** THE PROBLEM **
Only the lines from the beginning of the entries through the one that holds "For rent: A" may appear in the answer, written out exactly and free of pictures.

---

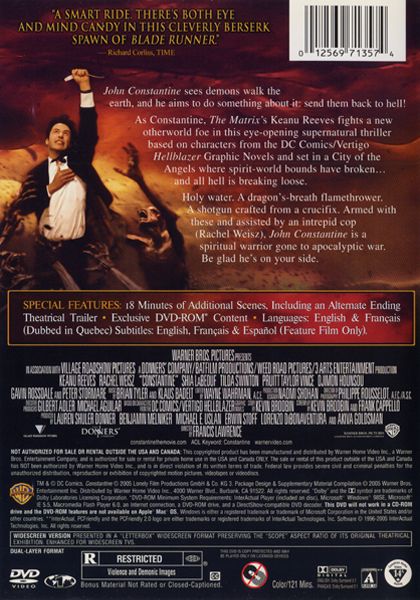 John Constantine sees demons walk the earth, and he aims to do something about it: send them back to hell!As Constantine, The Matrix's Keanu Reeves fights a new otherworld foe in this eye-popping supernatural thriller based on characters from the DC Comics/Vertigo Hellblazer Graphic Novels and set in a City of the Angels where spirit-world bounds have broken...and all hell is breaking loose.Holy water. A dragon's-breath flamethrower. A shotgun crafted from a crucifix. Armed with these and assisted by an intrepid cop (Rachel Weisz), John Constantine is a spiritual warrior gone to apocalyptic war. Be glad he's on your side.
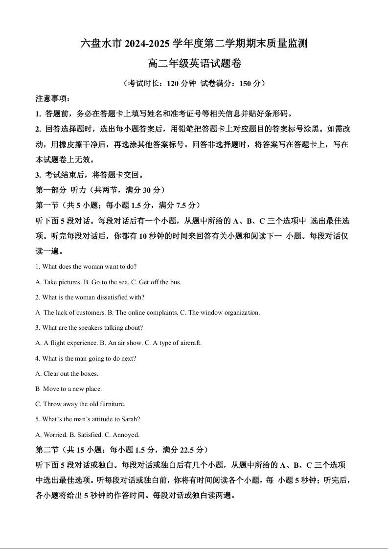 高二英语+答案--贵州省六盘水市2024-2025学年高二下学期期末质量监测
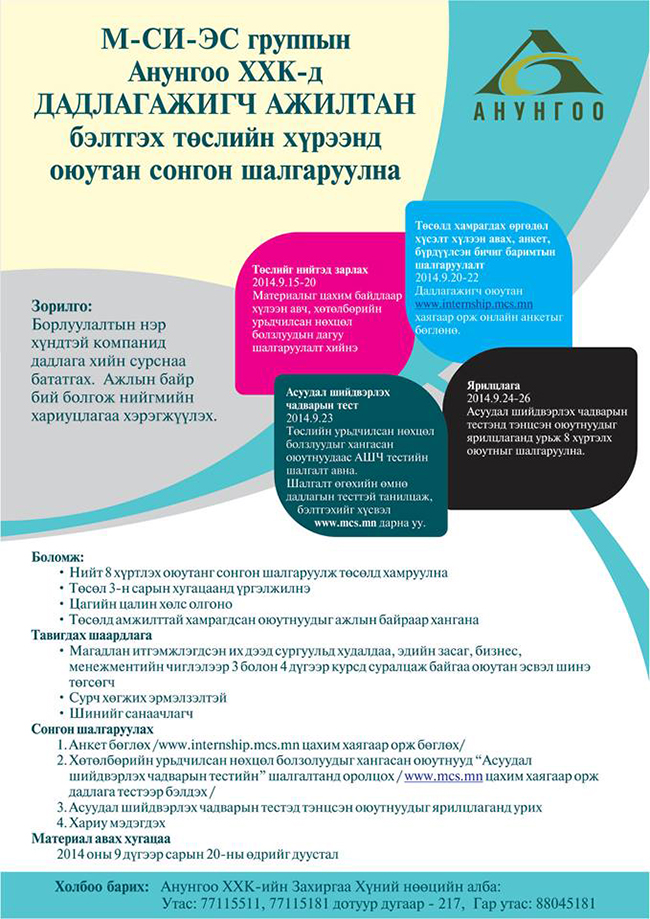 М-СИ-ЭС группын Анунгоо ХХК-д дадлагажигч ажилтан бэлтгэх төслийн хүрээнд оюутан сонгон шалгаруулна
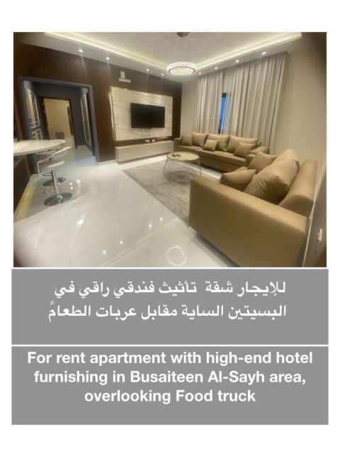 For rent: A luxurious, hotel-furnished apartment in Al Basta, Al Seef, overlooking food trucks. It has two bedrooms, two bathrooms, a living room, and a kitchen. The price is 420 dinars, with an electricity limit of 20 dinars.
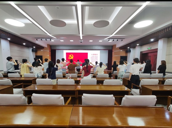 最后,全体党员整齐肃立,面向鲜艳的党旗,庄严地举起右拳,齐声重温入党誓词。声声誓词是党员对初心使命的坚守与承诺,更是坚定为共产主义事业奋斗终身的信念。
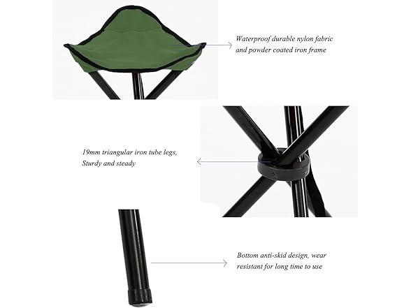 Messar Portable Stable Travel Chair Tri-Leg Stool - 8.6x8.6x11.8inch
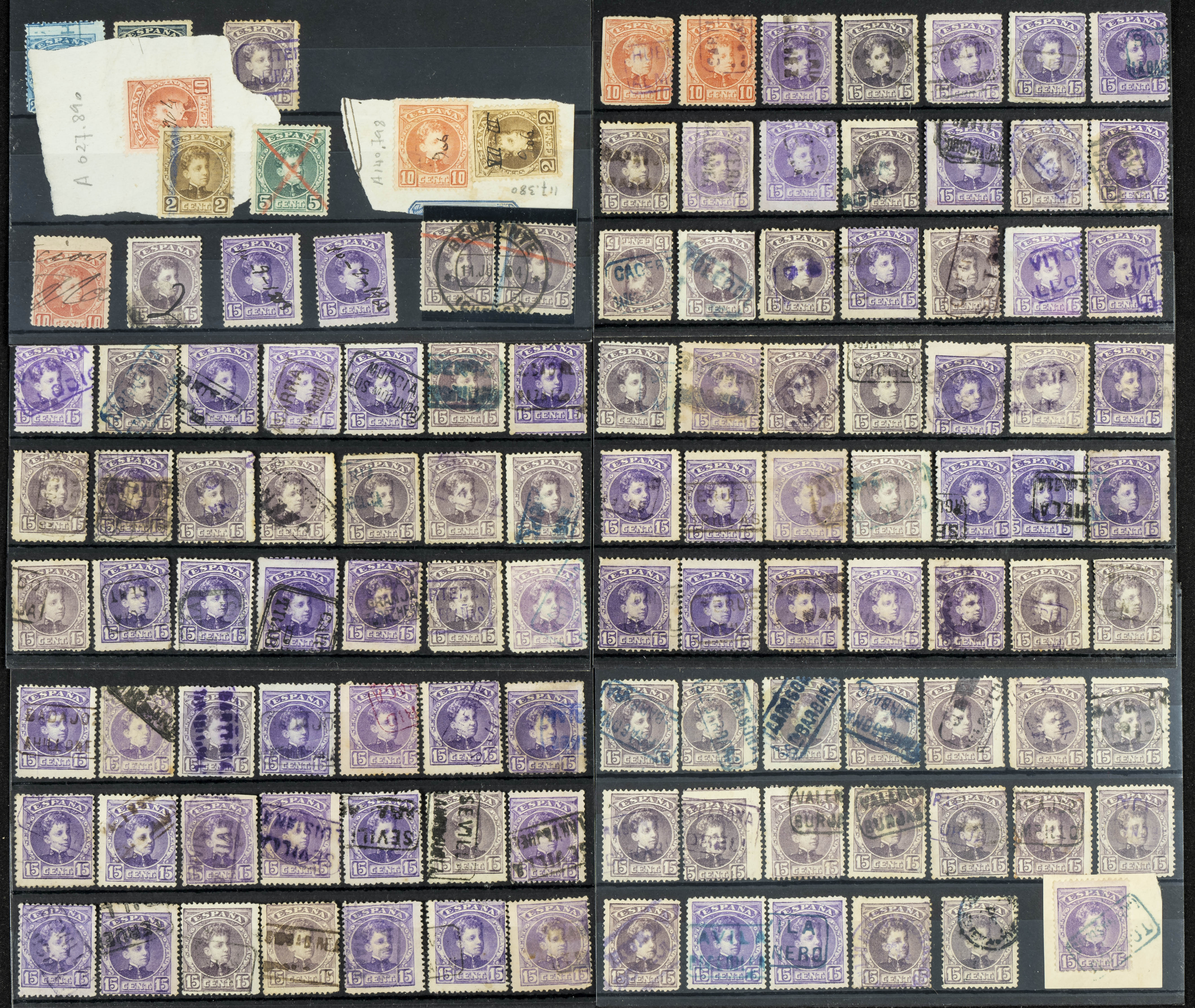 (ca. 1901). Interesting collection of over one hundred stamps from the Cadet issue, mostly with "Post Office" type postmarks, some of which have been erased with a pen. TO BE EXAMINED.
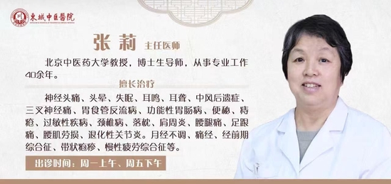 张莉,主任医师,东城中医医院特聘专家,出诊时间周一上午、周五下午。北京中医药大学,教授,博士生导师,从事专业工作40余年。擅长治疗:神经头痛、头晕、失眠、耳鸣、耳聋、中风后遗症、三叉神经痛、胃食管反流病、功能性胃肠病、便秘、痔疮、过敏性疾病、颈椎病、落枕、肩周炎、腰腿痛、足跟痛、腰肌劳损、退化性关节炎。月经不调、痛经、经前期综合征、带状疱疹、慢性疲劳综合征等。
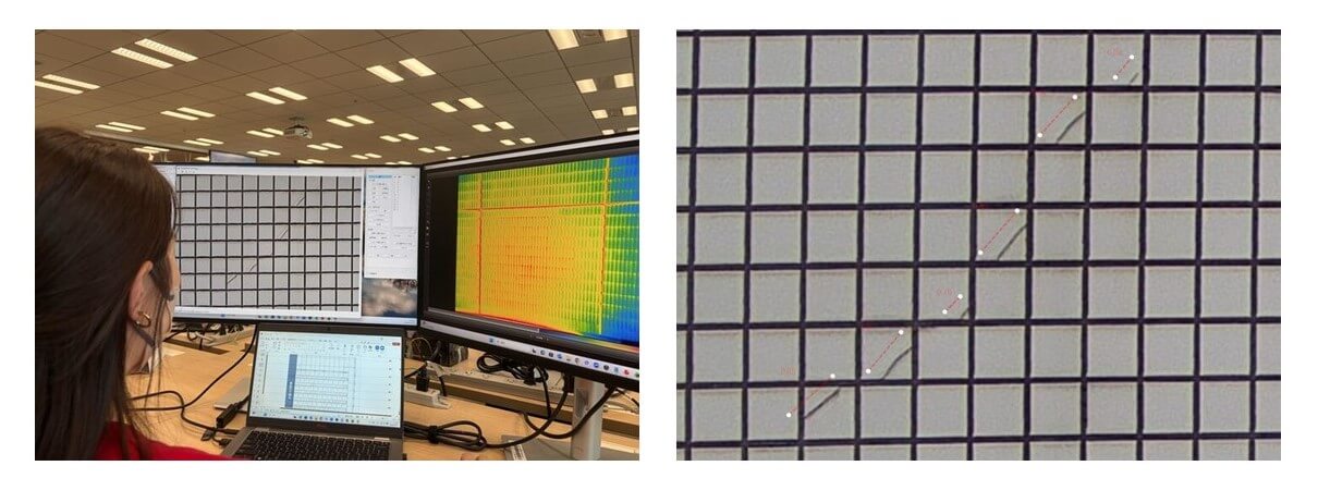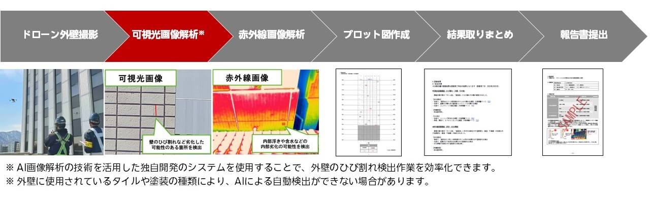「AI外壁調査」は、撮影した可視光画像からひび割れの疑いがある箇所をAIによる画像解析で自動検出し、専門スタッフによる目視確認を組み合わせることで、信頼性を確保しています。さらに専門スタッフは、赤外線画像を基に温度差などの情報から内部浮きや含水などの内部劣化の可能性を解析します。
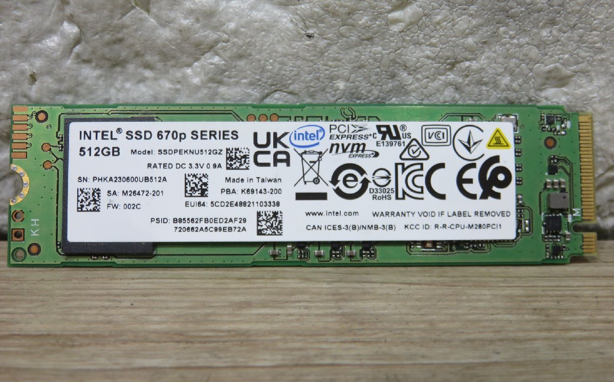 ★≪中古品≫SSD NVMe規格 M.2 intel 670p 512G★
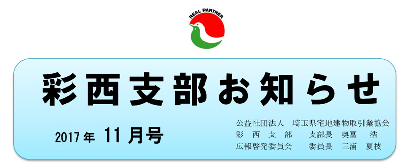 公益社団法人 埼玉県宅地建物取引業協会「彩西支部からのお知らせ」2017年11月号(1)  PDFでもご覧いただけます
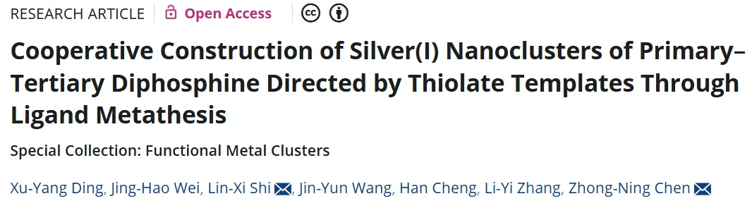 以上研究论文以“Cooperative Construction of Silver(I) Nanoclusters of Primary-Tertiary Diphosphine Directed by Thiolate Templates Through Ligand Metathesis”为题发表于 Aggregate 期刊,论文第一作者为中科院福建物质结构研究所的丁旭阳博士,通讯作者为中科院福建物质结构研究所陈忠宁研究员和施林熙工程师。
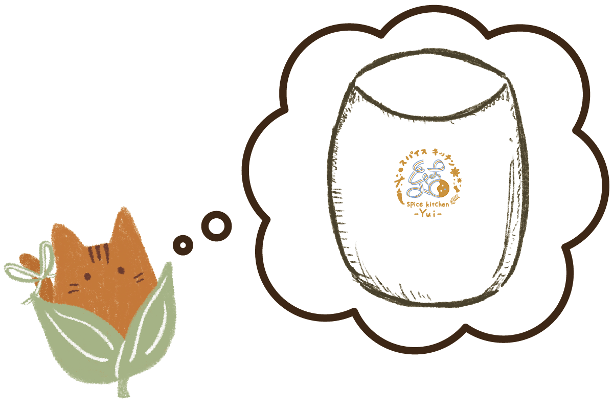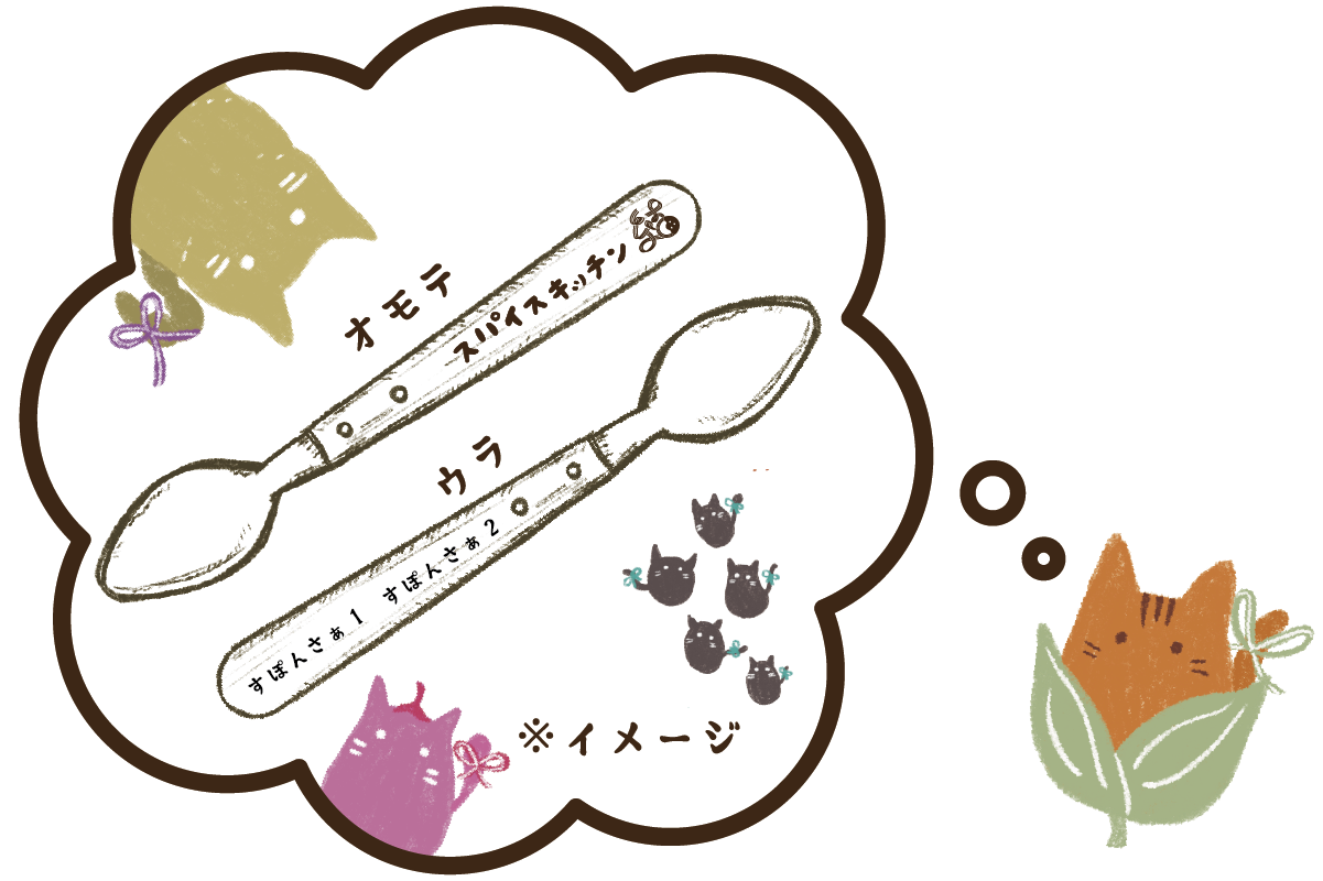 柄の部分に店舗ロゴとスパイス猫たちが描かれたものになります!
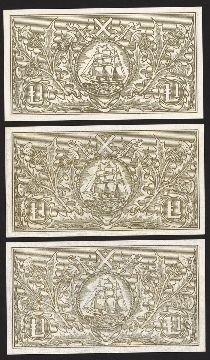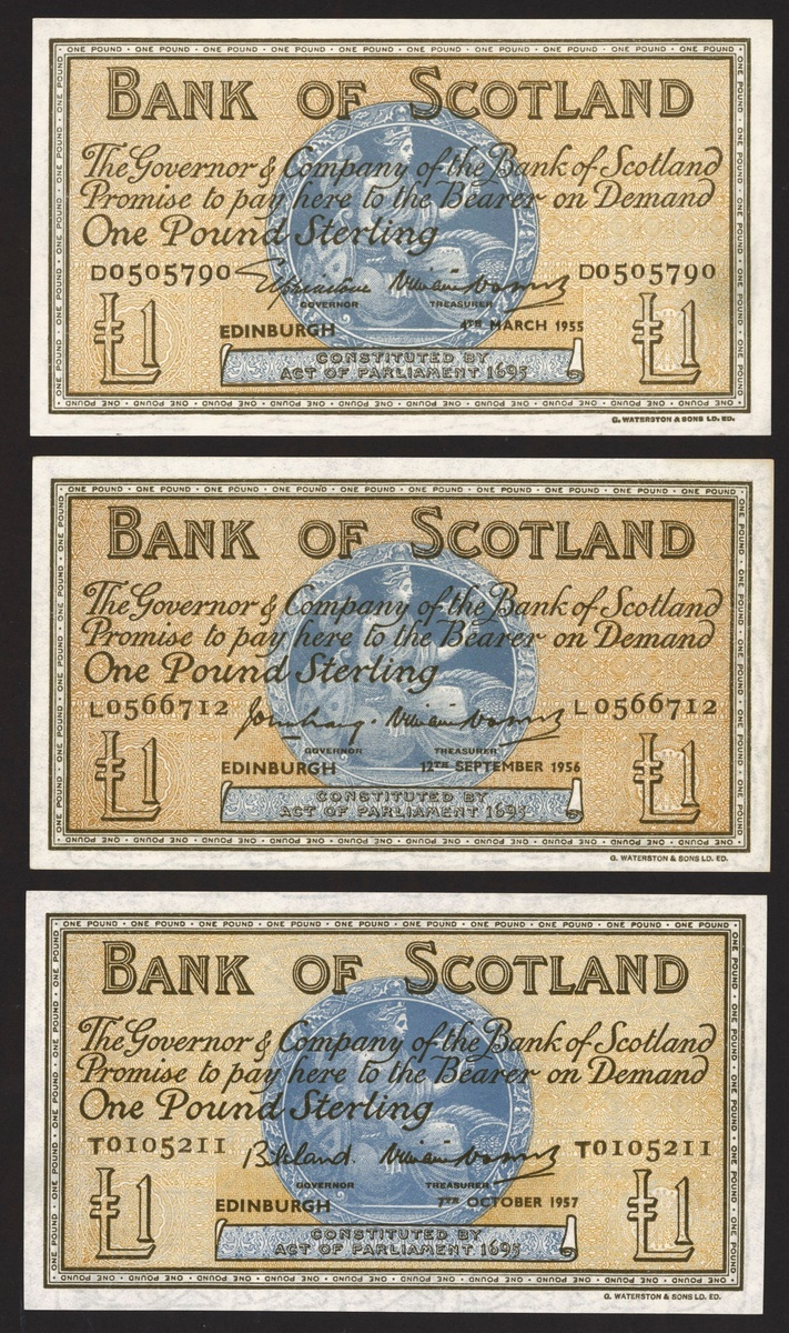 (x) Bank of Scotland, £1 (3), 1955, 1956, 1957, prefixes D, L, T, (PMS BA99a, b, c), 1956 £1 with a light crease, good extremely fine, others uncirculated (3 notes)

---

** RESULT OF THE EXERCISE **
 John Constantine sees demons walk the earth, and he aims to do something about it: send them back to hell!As Constantine, The Matrix's Keanu Reeves fights a new otherworld foe in this eye-popping supernatural thriller based on characters from the DC Comics/Vertigo Hellblazer Graphic Novels and set in a City of the Angels where spirit-world bounds have broken...and all hell is breaking loose.Holy water. A dragon's-breath flamethrower. A shotgun crafted from a crucifix. Armed with these and assisted by an intrepid cop (Rachel Weisz), John Constantine is a spiritual warrior gone to apocalyptic war. Be glad he's on your side.
 高二英语+答案--贵州省六盘水市2024-2025学年高二下学期期末质量监测
 М-СИ-ЭС группын Анунгоо ХХК-д дадлагажигч ажилтан бэлтгэх төслийн хүрээнд оюутан сонгон шалгаруулна
 For rent: A luxurious, hotel-furnished apartment in Al Basta, Al Seef, overlooking food trucks. It has two bedrooms, two bathrooms, a living room, and a kitchen. The price is 420 dinars, with an electricity limit of 20 dinars.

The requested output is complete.